(Items from a dataset)
Segment Open

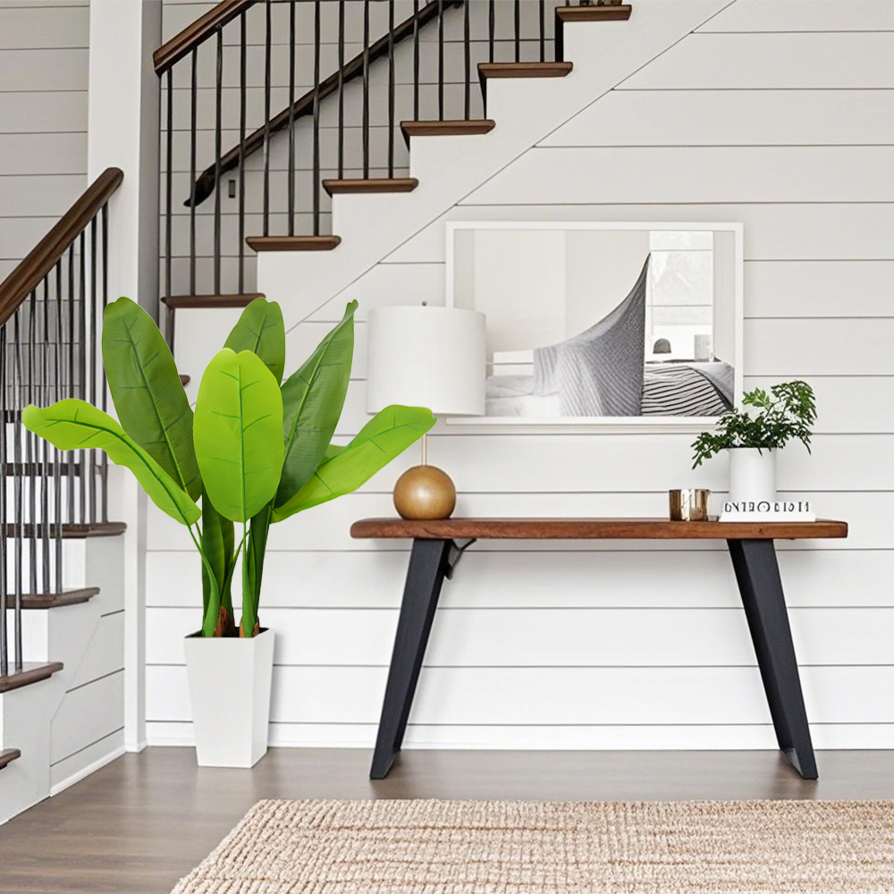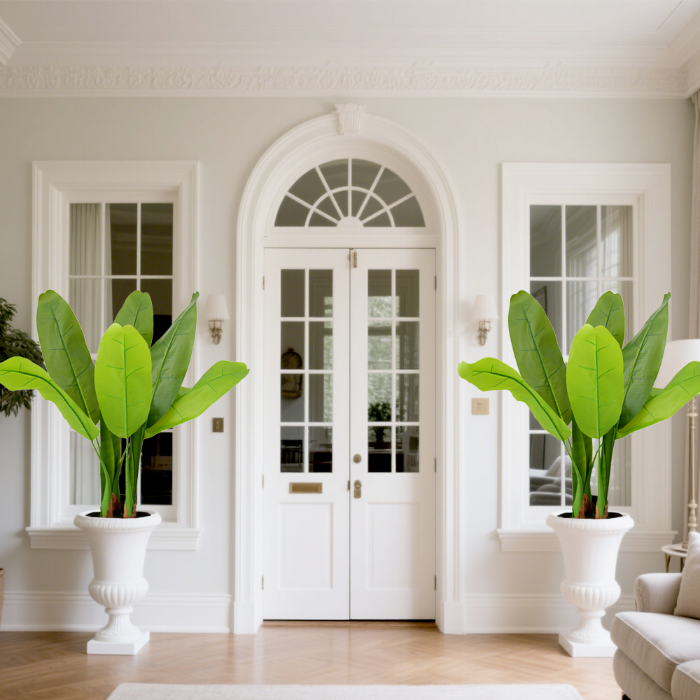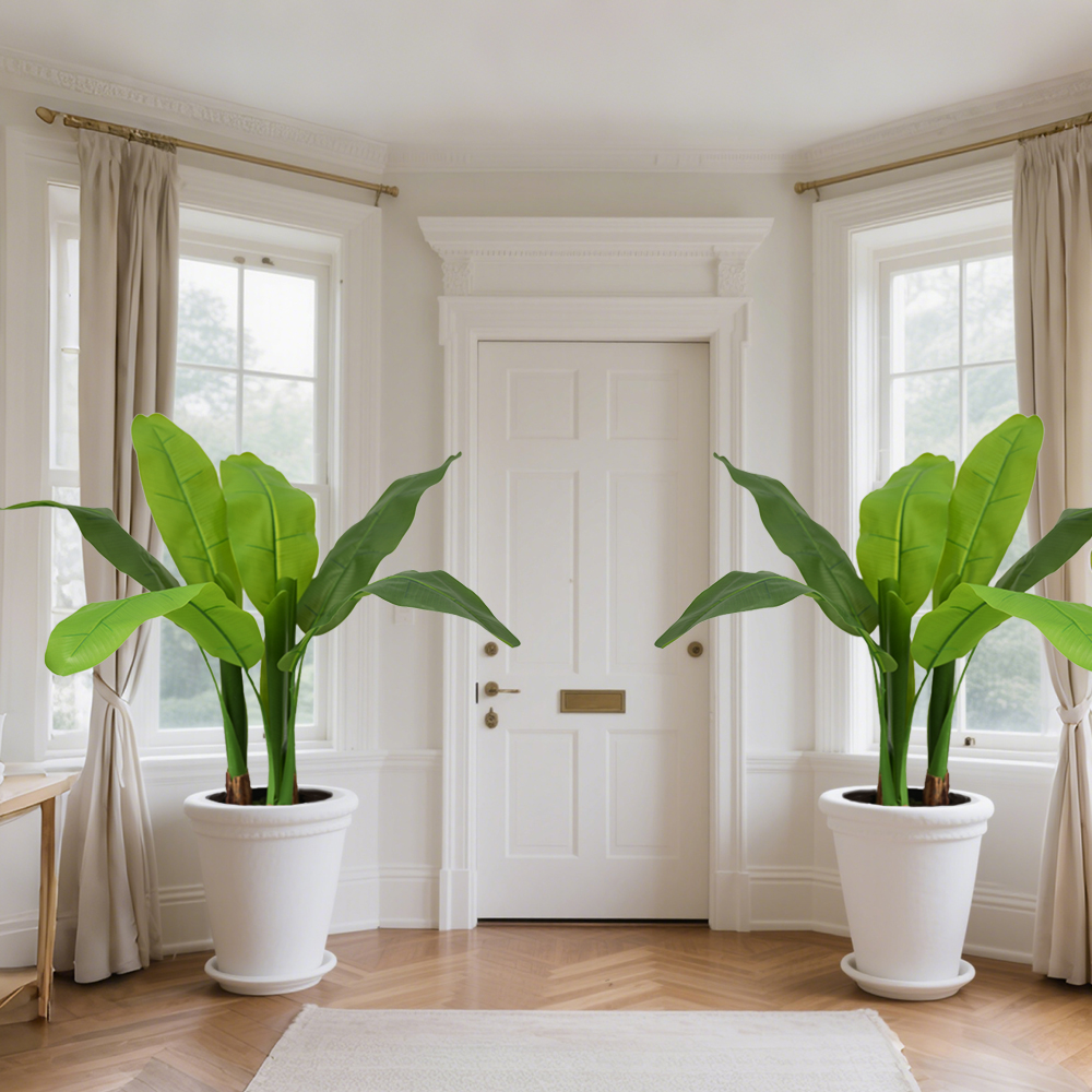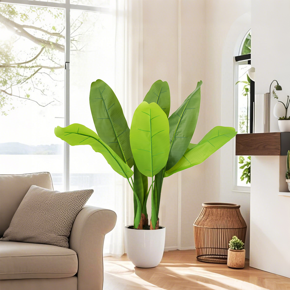 Artificial Banana Tree with Grey Planter, Artificial Plants with Banana Leaves Plant for Home Office Decor
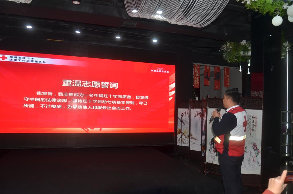 随后,郑州市红十字法律工作志愿服务队队长冯海河做了《2025年度总结汇报》。在副队长李中洲的领誓下,志愿者们重温了中国红十字志愿者誓词。
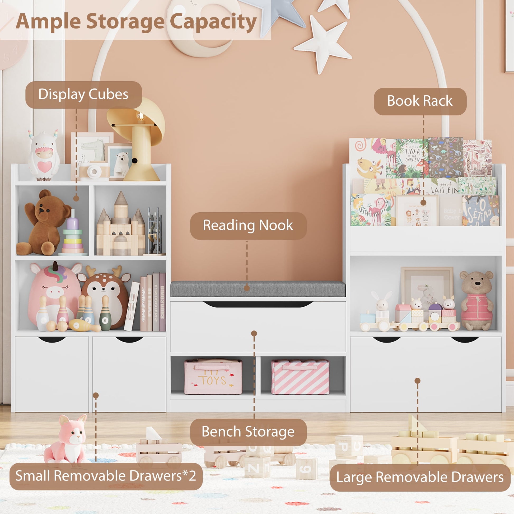 4 Concealed Storage Space:Hiphita Kids bookshelf includes bench under storage and 3 removable drawers where you could store children's seasonal clothing and unused toys.
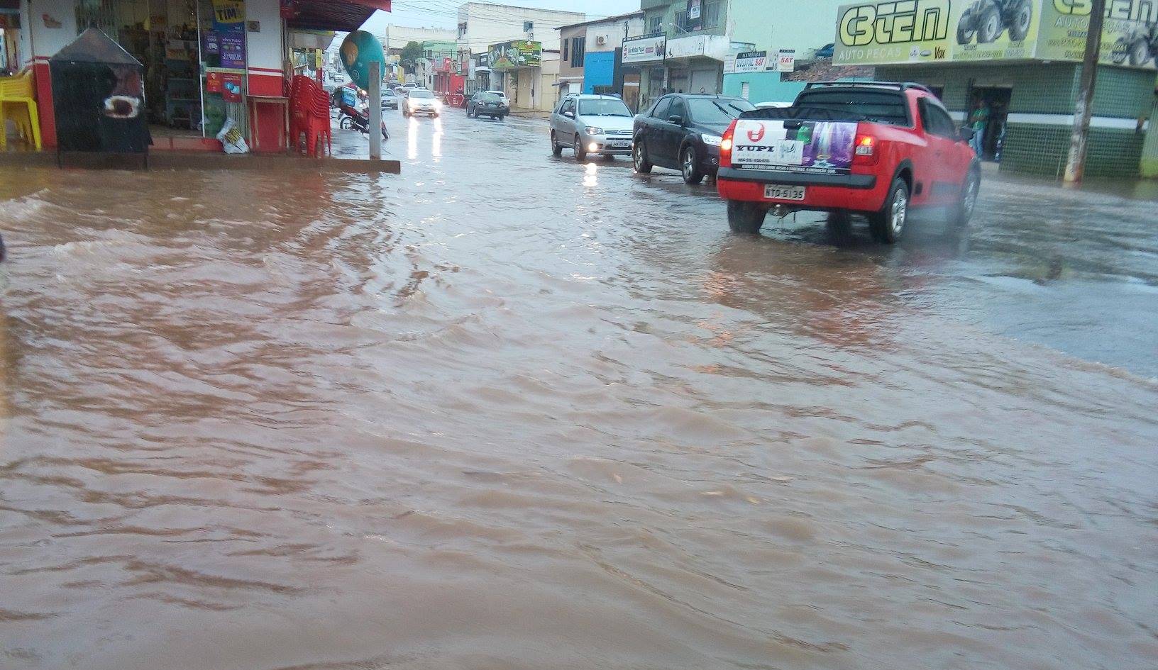 Em Barreiras a chuva alagou várias ruas. Fotos de Elba Lopes, no Facebook.
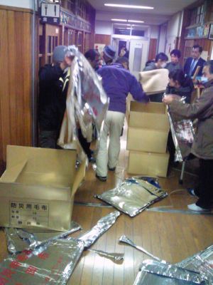 試しの写真を掲載します、東北の震災でJR清水駅でおろされた人たちに、辻小の避難所で毛布を配ったところです

Segment Closed

The records above are to be repeated exactly, with the pictures left out.

 Artificial Banana Tree with Grey Planter, Artificial Plants with Banana Leaves Plant for Home Office Decor
 随后,郑州市红十字法律工作志愿服务队队长冯海河做了《2025年度总结汇报》。在副队长李中洲的领誓下,志愿者们重温了中国红十字志愿者誓词。
 4 Concealed Storage Space:Hiphita Kids bookshelf includes bench under storage and 3 removable drawers where you could store children's seasonal clothing and unused toys.
 Em Barreiras a chuva alagou várias ruas. Fotos de Elba Lopes, no Facebook.
 試しの写真を掲載します、東北の震災でJR清水駅でおろされた人たちに、辻小の避難所で毛布を配ったところです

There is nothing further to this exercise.